News and New Products
FPGA-based PXI modules improve test-system I/O performance
By Dan Strassberg, Contributing Technical Editor -- EDN, 11/17/2008
NI (National Instruments) has introduced a new generation of open, FPGA (field-programmable-gate-array)-based PXI (peripheral-component-interconnect extensions for instrumentation) modules. The company calls the FlexRIO (real-time input/output) family the industry’s first commercial, off-the-shelf product line to combine high-speed, instrument-class I/O with flexible LabView FPGA technology. The new products enable engineers to add custom signal-processing algorithms to PXI-based FPGA hardware. Interchangeable adapter modules directly interface FPGAs to instrument-class I/O or allow the creation of custom front-end hardware to meet application requirements. With these capabilities, you can use techniques such as inline processing, hardware-in-the-loop simulation, and protocol-aware test as you design and test complex electronic devices.
“LabView FPGA technology will continue to transform instrumentation and extend graphical-system design by providing software programmability at the hardware level,” says James Truchard, PhD, the company’s president, chief executive officer, and co-founder. “FlexRIO lets engineers use commercial, off-the-shelf hardware to implement applications that previously required costly custom devices with time-consuming development schedules.”
FlexRIO FPGA-based hardware modules feature Xilinx Virtex-5 high-performance FPGAs, which you can program using the LabView FPGA-software module. Previously, according to NI, only hardware engineers who had extensive knowledge of digital design could use FPGA technology. Now, however, LabView FPGA’s intuitive graphical programming makes the technology available to all engineers and provides direct access to the digital pins of the FlexRIO FPGA modules, including units that provide 66 differential or 132 single-ended lines.
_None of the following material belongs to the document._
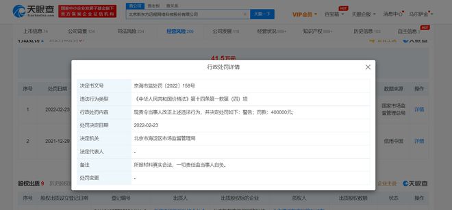 天眼查App显示,近日,北京新东方迅程网络科技股份有限公司因涉嫌利用虚假或使人误解的价格手段诱骗消费者交易,被北京市海淀区市场监督管理局罚款40万元。

Each differential pair handles data rates as high as 1 Gbps, whereas each single-ended line handles rates to 400 Mbps. The modules, which offer deep onboard memory, also accommodate external clocks.
Each FlexRIO configuration comprises a pair of hardware components—an adapter module, which defines the system’s I/O capabilities, and a PXI FPGA module. The NI 6581 high-speed digital-I/O adapter works well for algorithmic pattern generation and protocol-aware tests. It delivers 100 MHz of digital I/O, or 200 Mbps at the double data rate, through 54 single-ended channels with selectable voltage levels of 1.8, 2.5, and 5V-compatible 3.3V. The manufacturer has also worked with Averna to create a plug-and-play IEEE 1394b-adapter and expects third parties to offer many additional adapters.
You can also design your own custom adapters with converters, buffers, clocks, and connectors that suit your application. To help you develop your own modules, the FlexRIO adapter-module-development kit features full documentation of electrical- and mechanical-design details, including CAD (computer-aided-design) files and PCB (printed-circuit-board) outlines as well as various adapter-module enclosures.
US prices for the NI 6581 high-speed digital-adapter module begin at $999. NI PXI-795xR FlexRIO FPGA module prices begin at $2999. Prices for the NI FlexRIO adapter-module-development kit begin at $4999.